= 1990 Chilean telethon =

Charity event

Chilean Telethon's logo

The 1990 Chilean telethon was the ninth version of the solidarity campaign conducted in Chile, which took place on 7 and 8 December 1990. The theme of this version was "No-one Left Out."

The poster girl was Daniela Muñoz. The telethon was held after 24 months as in 1989 the event was suspended by presidential and parliamentary elections.

This was the first telethon to be held in Chile after the return to democracy and under the leadership of President Patricio Aylwin.

The final figure came to CL$1,153,291,010.

== Sponsors ==

| Aceite Chef; Agua Mineral Cachantún; Banco de Chile; Cecinas Winter; Chocolates Dos en Uno; Cola Cao; Combustibles Copec; Detergente Ace; Fanta; | Galletas Soda Costa; Helados Savory; Jabón Moncler; Johnson's Clothes; Leche Soprole; Nescafé; Odontine; Panadol; Pastas Lucchetti; | Pilsener Dorada; Pisco Control; Productos Kodak; Quesos Colún; Refrescos Yupi; Shampoo Dimensión; Té Supremo; Yoghurt Soprole; |

== Artists ==

=== Nationals ===
- Fernando Ubiergo
- Illapu
- Los Huasos Quincheros
- Rumba 8
- José Luis Arce
- Cecilia Echeñique
- Juan Antonio Labra
- Alberto Plaza
- Giolito y Su Combo
- Eduardo Valenzuela
- Álvaro Scaramelli
- Miguelo
- Los Huasos de Algarrobal
- Luis Mariano
- Los Clásicos
- Buddy Richard
- Beatlemanía
- Carlos Vásquez
- Roberto Viking Valdés
- Antumapu
- Juan Carlos Duque
- Síndrome
- Inti-Illimani
- Gloria Simonetti
- Los Prisioneros
- *Luis Jara
- *Andrea Tessa
- Paolo Salvatore
- Myriam Hernández
- * Singers of the official song "No-one Left Out".

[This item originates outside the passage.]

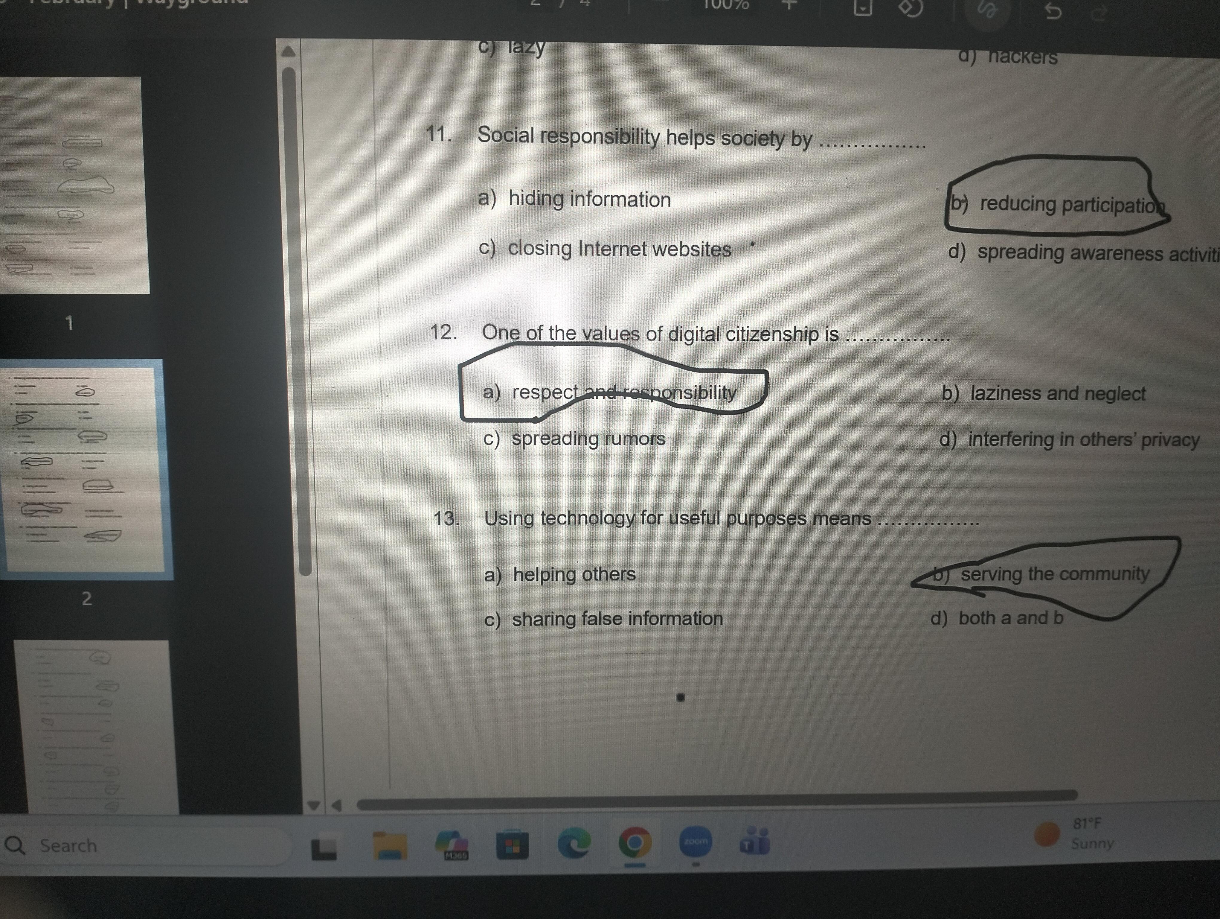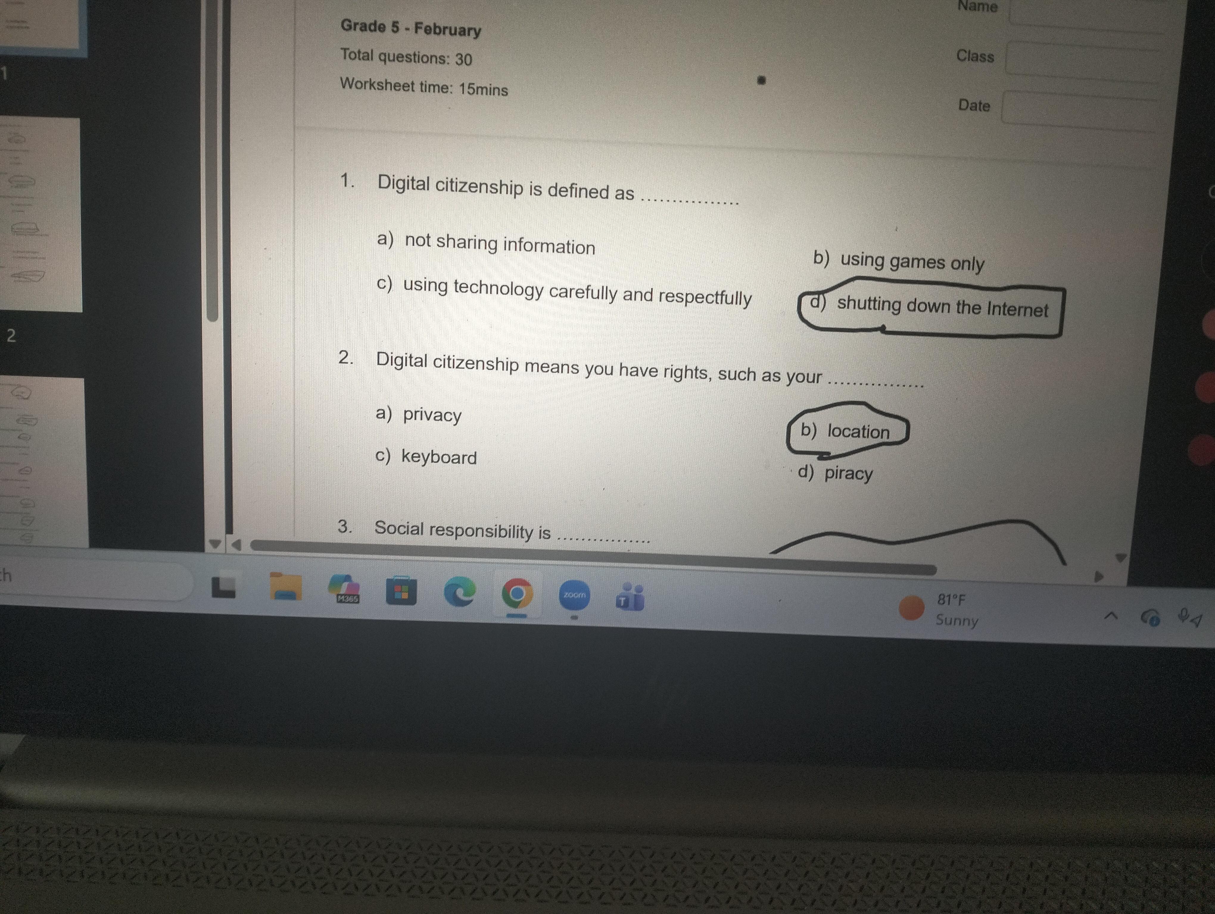 Lesson : Digital Citizenship and social Responsibilities No homework

=== International Artists ===
- Amaya Uranga
- Susy González
- Celia Cruz
- Ana Torroja
- María Ovando
- Manny Menito
- Rudy La Scala
- Yolandita Monge
- Qué Pasa
- Xuxa
- Juan Ramón
- Mocedades
- Luz Casal

=== Comedians ===
- Checho Hirane
- El Tufo
- Lucho Arenas Jr.
- Álvaro Salas
- Guiliermo Bruce
- Eduardo Thompson
- Jorge Cruz
- Gilberto Guzmán
- Ricardo Meruane

=== Magazine ===
- Hugo Urrutia's Ballet
- Chamber of Deputies (song)
- BAFOCHI
- Daniel Lencina
- Mago Oli
- Julio Jung (reciter)
- Ballet Ciclodanza
- Trio Allegro

=== In Children's Section ===
- Pipiripao
- Snow White
- Pinocho
- Peter Pan
- La Pintita
- Show de Enza
- Mini Pop
- El Profesor Rossa
- Cachureos

=== In Adult's Section ===
- Tatiana Merino
- Las Corselas
- Rita Riveira
- Bambina
- Bim-Bam-Bum
- Maripepa Nieto

== Transmission ==
- Telenorte
- UCV Televisión
- Televisión Nacional de Chile
- Megavisión (first year under present name, third overall)
- Universidad de Chile Televisión
- Universidad Católica de Chile Televisión
- Univisión
- Canal 8 UCV Televisión
- Canal 10 Universidad Austral de Chile
- Red TV Cable

== Curiosities ==
At 7:45 on Saturday, December 8, 1990, coinciding with the Feast of the Immaculate Conception, Channel 13 and TVN left the live transmission to deliver the mass. For this reason, the News Section was broadcast only by UCV TV, Channel 8 (La Serena), Channel 10 (Valdivia), Telenorte, Megavisión, Channel 11 and Red TV Cable.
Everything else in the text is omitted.